For the material below, return exactly the lines starting at the one holding "Thunderbird Suede/Vegan Læder" and ending at the one holding "Figure 1. Shared", counting both as part of the range.
======== Material for the task ========
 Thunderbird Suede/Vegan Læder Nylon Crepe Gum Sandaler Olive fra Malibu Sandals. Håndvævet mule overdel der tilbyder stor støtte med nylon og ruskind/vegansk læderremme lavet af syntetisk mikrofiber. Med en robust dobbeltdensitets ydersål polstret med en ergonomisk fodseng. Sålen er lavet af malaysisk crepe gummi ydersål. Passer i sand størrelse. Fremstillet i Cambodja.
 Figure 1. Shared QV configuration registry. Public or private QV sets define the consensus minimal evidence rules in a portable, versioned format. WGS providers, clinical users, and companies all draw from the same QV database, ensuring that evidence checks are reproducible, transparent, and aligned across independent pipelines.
========
======== Material for the task ========
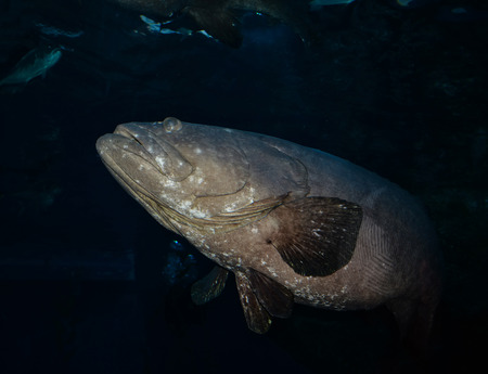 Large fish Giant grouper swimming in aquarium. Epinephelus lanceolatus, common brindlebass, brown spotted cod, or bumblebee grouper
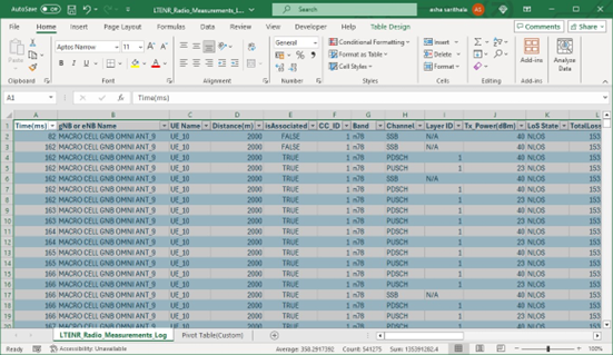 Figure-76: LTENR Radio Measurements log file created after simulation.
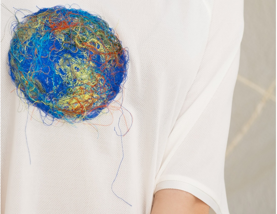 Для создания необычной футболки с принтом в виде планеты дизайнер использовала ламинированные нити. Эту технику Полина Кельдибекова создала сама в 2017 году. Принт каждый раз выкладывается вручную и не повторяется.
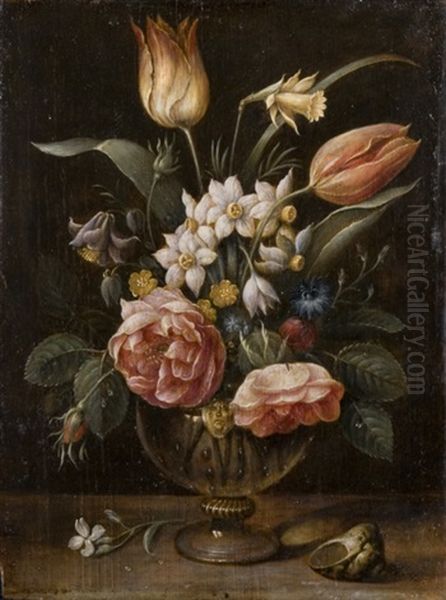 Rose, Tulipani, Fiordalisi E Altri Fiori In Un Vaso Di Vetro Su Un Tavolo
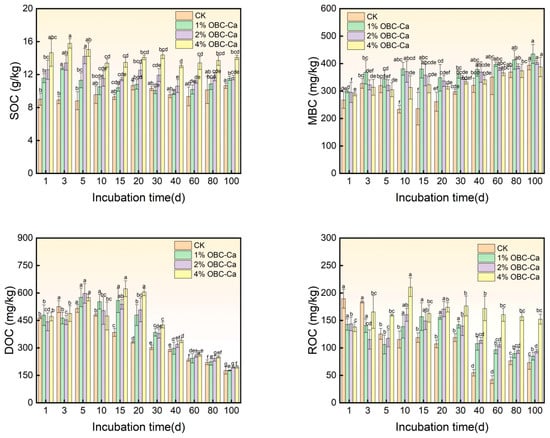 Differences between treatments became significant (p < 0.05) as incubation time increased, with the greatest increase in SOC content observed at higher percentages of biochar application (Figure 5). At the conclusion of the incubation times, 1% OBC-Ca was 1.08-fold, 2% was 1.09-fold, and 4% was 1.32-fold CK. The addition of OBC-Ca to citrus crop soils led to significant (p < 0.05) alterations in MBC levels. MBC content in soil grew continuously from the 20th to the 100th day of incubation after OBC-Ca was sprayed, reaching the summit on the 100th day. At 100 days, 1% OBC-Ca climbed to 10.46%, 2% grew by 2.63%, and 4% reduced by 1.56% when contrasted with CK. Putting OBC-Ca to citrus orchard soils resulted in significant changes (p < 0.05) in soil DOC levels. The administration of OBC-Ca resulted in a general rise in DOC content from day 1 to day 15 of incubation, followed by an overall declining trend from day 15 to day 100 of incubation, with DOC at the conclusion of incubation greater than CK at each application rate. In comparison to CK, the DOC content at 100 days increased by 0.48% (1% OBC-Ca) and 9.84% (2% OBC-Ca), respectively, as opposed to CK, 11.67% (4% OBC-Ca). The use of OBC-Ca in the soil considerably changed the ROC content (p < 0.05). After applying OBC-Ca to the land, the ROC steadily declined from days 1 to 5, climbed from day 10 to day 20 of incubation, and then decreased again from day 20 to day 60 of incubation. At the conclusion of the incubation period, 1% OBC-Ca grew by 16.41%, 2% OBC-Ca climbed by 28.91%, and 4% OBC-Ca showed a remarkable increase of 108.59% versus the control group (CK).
========
### Exercise answer
 Thunderbird Suede/Vegan Læder Nylon Crepe Gum Sandaler Olive fra Malibu Sandals. Håndvævet mule overdel der tilbyder stor støtte med nylon og ruskind/vegansk læderremme lavet af syntetisk mikrofiber. Med en robust dobbeltdensitets ydersål polstret med en ergonomisk fodseng. Sålen er lavet af malaysisk crepe gummi ydersål. Passer i sand størrelse. Fremstillet i Cambodja.
 Figure 1. Shared QV configuration registry. Public or private QV sets define the consensus minimal evidence rules in a portable, versioned format. WGS providers, clinical users, and companies all draw from the same QV database, ensuring that evidence checks are reproducible, transparent, and aligned across independent pipelines.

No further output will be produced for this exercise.